By clicking “Sign up for GitHub”, you agree to our terms of service and privacy statement. We’ll occasionally send you account related emails.

Already on GitHub? Sign in to your account

tracking: CRD versioning macro #507

Closed
25 tasks done
Tracked by #361
fhennig opened this issue Jan 29, 2024 · 13 comments
Closed
25 tasks done
Tracked by #361

tracking: CRD versioning macro #507

fhennig opened this issue Jan 29, 2024 · 13 comments
Assignees
Labels

Comments

@fhennig
Copy link
Contributor

fhennig commented Jan 29, 2024

This tracks the implementation of a first working version of the #[versioned] macro. Further improvements will be done as part of our normal development workflow as well as alongside #642.

General

Currently, all our CRDs are defined by Rust structs. This works really well for multiple reasons:

  • Structs can directly be used in the operator code
  • Can be serialized in YAML for for use in Helm or other deployments mechanisms
  • Deserialize directly from Kubernetes API calls

This strict type safety ensures we build code which will never crash during runtime due to invalid types. The future introduction of CRD versions warrants the same strict typing for different version of the CRD. Additionally, we want to be able to upgrade (and downgrade) between versions in a controlled and automated manner. Rust already provides traits for conversion of types: From<T>, TryFrom<T> and friends. A goal of this implementation should be support for this native mechanism.

Requirements

  • Common mechanisms for CRD versioning must live in a common repository
  • Different versions of the same struct without much overhead. This overhead includes:
    • The need to copy and paste the same struct for multiple versions
    • Manually keeping track of changes between versions and how to properly convert between them
    • Conversion should be a simple one method call, no need to manually assign fields from the old struct to the new one
  • Support for versioned field changes:
    • Add a new field
    • Rename a field
    • Deprecate a field
  • Field changes can be annotated with notes, hints, etc...
  • The derive macro must surface meaningful error messages
  • Handle recursive structs and enums

Vision

Initial Sketch

Adding the Derive Macro

The derive macro uses a simple and fitting name. A few examples are: Versioned, Version and Update. The macro additionally uses an attribute to customize the code generation. The name of that attribute will be the same as the derive macro name, just all lowercase letters.

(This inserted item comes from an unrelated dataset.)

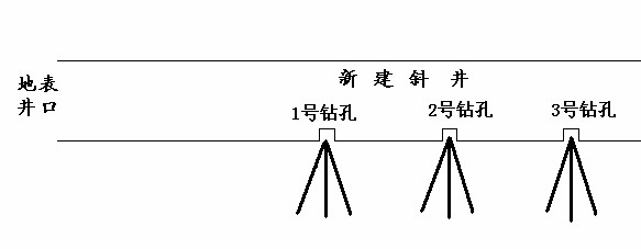 由于测线I、II、V布置平行于巷道开拓方向,因此在巷道开拓至距地表30m左右时候需要设计钻孔进行探放水,由于溶洞的范围均来自巷道右帮,因此钻场设计在巷道右帮,在圈定的相对富水异常区进行打钻放水,先期在在距地表30m、40m、50m相对富水区各施工钻孔3个,观测钻孔放水情况。钻孔布置如图六所示,共施工钻孔9个,孔深60m,累计进尺540m。经钻探及巷道揭露验证:巷道掘进中,巷道右帮正常涌水量13-25m3/h,最大突水量为40 m3/h。分析圈定富水异常区总放水量为1200 m3。小功率瞬变电磁法在浅表层探测溶洞发育及富水性时具有相当的准确性,同时为煤矿的安全生产提供一定的技术支持。
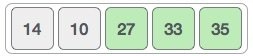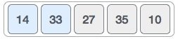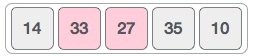 আমাদের নেওয়া অ্যারেতে শুরুতেই আছে ১৪ এবং ৩৩। যেহেতু ৩৩, ১৪ থেকে বড় তাই এখানে আগে থেকেই সর্টেড আছে, অর্থাৎ কোন পরিবর্তন হবে না। এখন আমাদেরকে ৩৩ এবং ২৭ এর মধ্যে তুলনা করে দকেহতে হবে কে বড়, আর কে ছোট।

// The derive macro is used just like any other derive macro like Debug,
// Deserialize or JsonSchema
#[derive(Debug, Versioned)]
pub struct MyCrd {
    foo: String,
    bar: usize,
}

// The macro can also be used on enums
#[derive(Debug, Versioned)]
pub enum MyEnum {
    Foo,
    Bar,
}

The macro provides a mechanism to provide traits which should be derived on the generated structs/enums. Attributes like #[serde] or #[schemars] will be passed through as well.

#[derive(Debug, Versioned)]
#[versioned(derives(Debug, PartialEq))]
#[serde(rename_all = "camelCase")]
pub struct MyCrd {
    foo: String,
}

Adding Versions

Each distinct version of a struct/enum needs to be declared via the accommodating attribute. The version field can be used as often as one would like. Each definition creates a new versioned version of the base struct/enum. Each version name must be unique, enforced by the macro and surfaced with easy to understand error message.

(Optional) Because we plan to publish this crate publicly for the Rust community, we don't mandate the use of Kubernetes versions as version names. Instead, the validation should be as generic as possible to allow usages outside of the context of Kubernetes. Initially we might want to only support SemVer and Kubernetes version formats. Each version must provide an implementation for PartialEq and PartialOrd.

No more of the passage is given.